[Opening The data section]

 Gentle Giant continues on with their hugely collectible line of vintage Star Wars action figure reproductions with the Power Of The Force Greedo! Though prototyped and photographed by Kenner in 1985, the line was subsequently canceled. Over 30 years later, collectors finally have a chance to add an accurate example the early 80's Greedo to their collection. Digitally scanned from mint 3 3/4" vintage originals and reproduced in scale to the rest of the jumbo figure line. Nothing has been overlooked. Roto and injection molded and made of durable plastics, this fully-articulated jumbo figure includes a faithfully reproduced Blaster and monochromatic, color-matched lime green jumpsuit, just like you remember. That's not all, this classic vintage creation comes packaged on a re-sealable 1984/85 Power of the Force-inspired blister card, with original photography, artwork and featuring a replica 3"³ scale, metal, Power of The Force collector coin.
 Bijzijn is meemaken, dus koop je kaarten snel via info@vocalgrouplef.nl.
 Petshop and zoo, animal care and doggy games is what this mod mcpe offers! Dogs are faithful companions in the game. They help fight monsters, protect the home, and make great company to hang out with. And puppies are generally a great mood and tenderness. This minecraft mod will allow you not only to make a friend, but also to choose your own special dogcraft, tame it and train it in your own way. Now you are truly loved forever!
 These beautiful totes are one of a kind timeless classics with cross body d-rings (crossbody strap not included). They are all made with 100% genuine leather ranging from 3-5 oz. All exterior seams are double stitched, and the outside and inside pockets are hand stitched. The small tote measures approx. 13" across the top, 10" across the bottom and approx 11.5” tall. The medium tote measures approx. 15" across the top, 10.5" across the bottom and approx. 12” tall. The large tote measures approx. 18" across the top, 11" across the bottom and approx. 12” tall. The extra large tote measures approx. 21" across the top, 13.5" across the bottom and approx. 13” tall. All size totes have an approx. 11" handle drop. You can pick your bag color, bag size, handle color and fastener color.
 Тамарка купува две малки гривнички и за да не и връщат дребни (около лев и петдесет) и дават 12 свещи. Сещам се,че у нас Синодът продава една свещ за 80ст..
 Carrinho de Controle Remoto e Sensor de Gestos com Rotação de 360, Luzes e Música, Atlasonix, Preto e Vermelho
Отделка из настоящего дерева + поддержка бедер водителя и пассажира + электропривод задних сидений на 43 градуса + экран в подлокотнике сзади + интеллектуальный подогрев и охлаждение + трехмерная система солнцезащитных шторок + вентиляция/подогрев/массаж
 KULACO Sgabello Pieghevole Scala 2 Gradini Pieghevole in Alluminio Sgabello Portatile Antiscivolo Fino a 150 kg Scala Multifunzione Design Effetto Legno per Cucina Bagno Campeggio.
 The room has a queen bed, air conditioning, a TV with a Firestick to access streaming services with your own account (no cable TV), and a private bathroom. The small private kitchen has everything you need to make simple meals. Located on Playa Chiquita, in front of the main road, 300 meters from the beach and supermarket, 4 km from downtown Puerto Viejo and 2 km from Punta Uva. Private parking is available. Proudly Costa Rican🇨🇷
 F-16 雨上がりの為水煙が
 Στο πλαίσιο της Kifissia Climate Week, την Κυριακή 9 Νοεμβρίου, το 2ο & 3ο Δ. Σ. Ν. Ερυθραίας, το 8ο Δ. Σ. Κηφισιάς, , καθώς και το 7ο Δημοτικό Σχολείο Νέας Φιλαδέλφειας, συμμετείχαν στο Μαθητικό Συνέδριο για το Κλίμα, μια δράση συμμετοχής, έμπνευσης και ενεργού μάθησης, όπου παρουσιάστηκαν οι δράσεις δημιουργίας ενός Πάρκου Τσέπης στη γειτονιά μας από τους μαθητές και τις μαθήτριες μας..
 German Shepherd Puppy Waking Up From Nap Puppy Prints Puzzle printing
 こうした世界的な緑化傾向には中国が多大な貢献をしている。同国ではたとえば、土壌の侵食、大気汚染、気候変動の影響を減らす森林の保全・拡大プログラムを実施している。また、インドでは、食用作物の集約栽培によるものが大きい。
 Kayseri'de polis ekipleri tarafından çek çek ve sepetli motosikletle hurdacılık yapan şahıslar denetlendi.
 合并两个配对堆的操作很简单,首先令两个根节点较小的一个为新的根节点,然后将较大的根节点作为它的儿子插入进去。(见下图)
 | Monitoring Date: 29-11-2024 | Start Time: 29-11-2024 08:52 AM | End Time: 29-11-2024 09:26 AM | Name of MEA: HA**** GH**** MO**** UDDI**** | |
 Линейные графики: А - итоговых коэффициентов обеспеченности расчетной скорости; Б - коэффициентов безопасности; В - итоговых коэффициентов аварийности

[Closing The data section]

[How to complete this task] Copy out precisely the lines from the line with "German Shepherd Puppy" to the line with "合并两个配对堆的操作很简单,首先令两个根" in the material above, including those two lines and omitting all the rest.

[Answer to this problem]
 German Shepherd Puppy Waking Up From Nap Puppy Prints Puzzle printing
 こうした世界的な緑化傾向には中国が多大な貢献をしている。同国ではたとえば、土壌の侵食、大気汚染、気候変動の影響を減らす森林の保全・拡大プログラムを実施している。また、インドでは、食用作物の集約栽培によるものが大きい。
 Kayseri'de polis ekipleri tarafından çek çek ve sepetli motosikletle hurdacılık yapan şahıslar denetlendi.
 合并两个配对堆的操作很简单,首先令两个根节点较小的一个为新的根节点,然后将较大的根节点作为它的儿子插入进去。(见下图)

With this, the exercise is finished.